*** Opening of Records ***
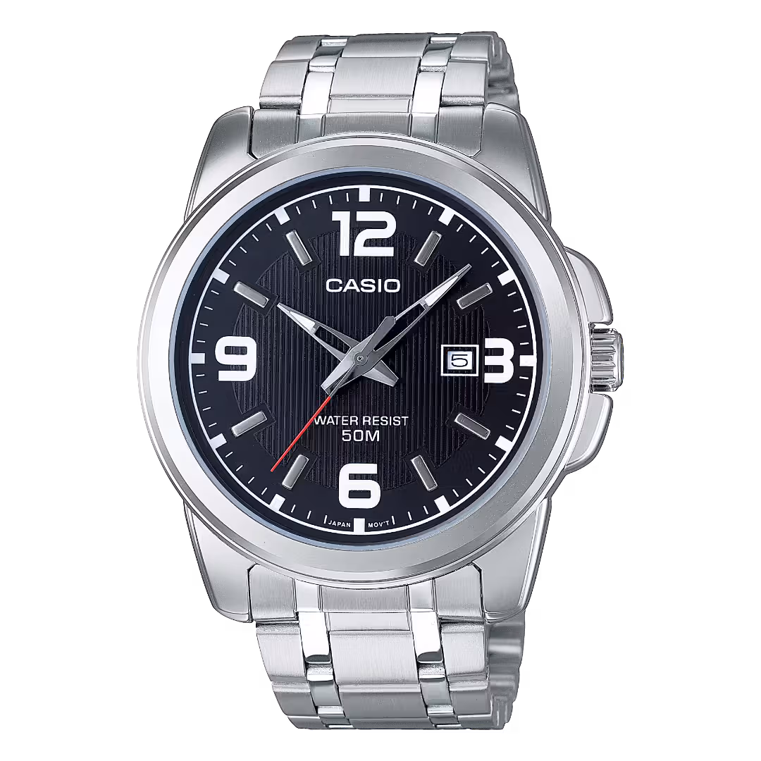 Casio MTP-1302D-1A1 Timeless silver ion-plated brass case, silver stainless steel bracelet, black sunburst dial men's analog quartz watch
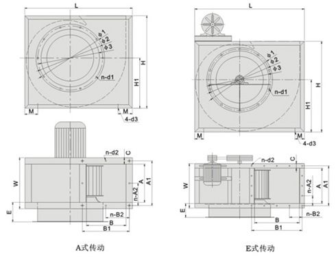 DDL-Ⅰ型風(fēng)機(jī)分A式直聯(lián)傳動(dòng)和E式皮帶傳動(dòng)兩種結(jié)構(gòu)型式,采用高效前傾多翼式離心葉輪,同一機(jī)號(hào)風(fēng)量耿大。配用防爆電機(jī)和鋁(不銹鋼)材質(zhì)葉輪,可制成防爆型。
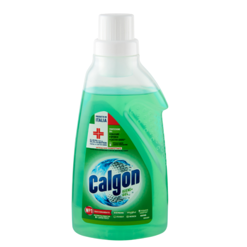 Calgon Igiene+ Gel Anticalcare Disinfettante per lavatrice 750 ml.Meno del 5 % di policarbossilati, tensioattivi non ionici, disinfettante, profumo e componenti quali limonene e hexyl cinnamal.
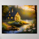 Denna fridfulla målning av ett stenhus inbäddat i skogen längs en lugnt flytande flod fångar naturens stillhet och charm. Med rika texturer, jordnära toner och lugna vattenreflektioner ger den en mysig, rustik stämning till alla utrymmen. Perfekt för stugdekor, naturälskare eller någon som dras till idylliska skogsscener.stic
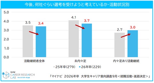9月末時点での活動継続者の内訳をみると、未内々定者が11.1%、内々定を持ちながら活動を継続している割合(内々定あり活動継続者)は7.8%だった。活動継続者が今後選考を受けようと考えている社数は、全体で3.4社(前年比0.1pt減)となり、未内々定者は3.7社(前年比0.4pt減)だったが、内々定あり活動継続者は3.0社(前年比0.3pt増)で、前年より活発化している様子がうかがえる。
*** Close of Records ***
» **Work item**
Please output exactly the lines from the line containing "Calgon Igiene+ Gel" through the last line of the records above, both included, and leave out any pictures.

» **Task result**
 Calgon Igiene+ Gel Anticalcare Disinfettante per lavatrice 750 ml.Meno del 5 % di policarbossilati, tensioattivi non ionici, disinfettante, profumo e componenti quali limonene e hexyl cinnamal.
 Denna fridfulla målning av ett stenhus inbäddat i skogen längs en lugnt flytande flod fångar naturens stillhet och charm. Med rika texturer, jordnära toner och lugna vattenreflektioner ger den en mysig, rustik stämning till alla utrymmen. Perfekt för stugdekor, naturälskare eller någon som dras till idylliska skogsscener.stic
9月末時点での活動継続者の内訳をみると、未内々定者が11.1%、内々定を持ちながら活動を継続している割合(内々定あり活動継続者)は7.8%だった。活動継続者が今後選考を受けようと考えている社数は、全体で3.4社(前年比0.1pt減)となり、未内々定者は3.7社(前年比0.4pt減)だったが、内々定あり活動継続者は3.0社(前年比0.3pt増)で、前年より活発化している様子がうかがえる。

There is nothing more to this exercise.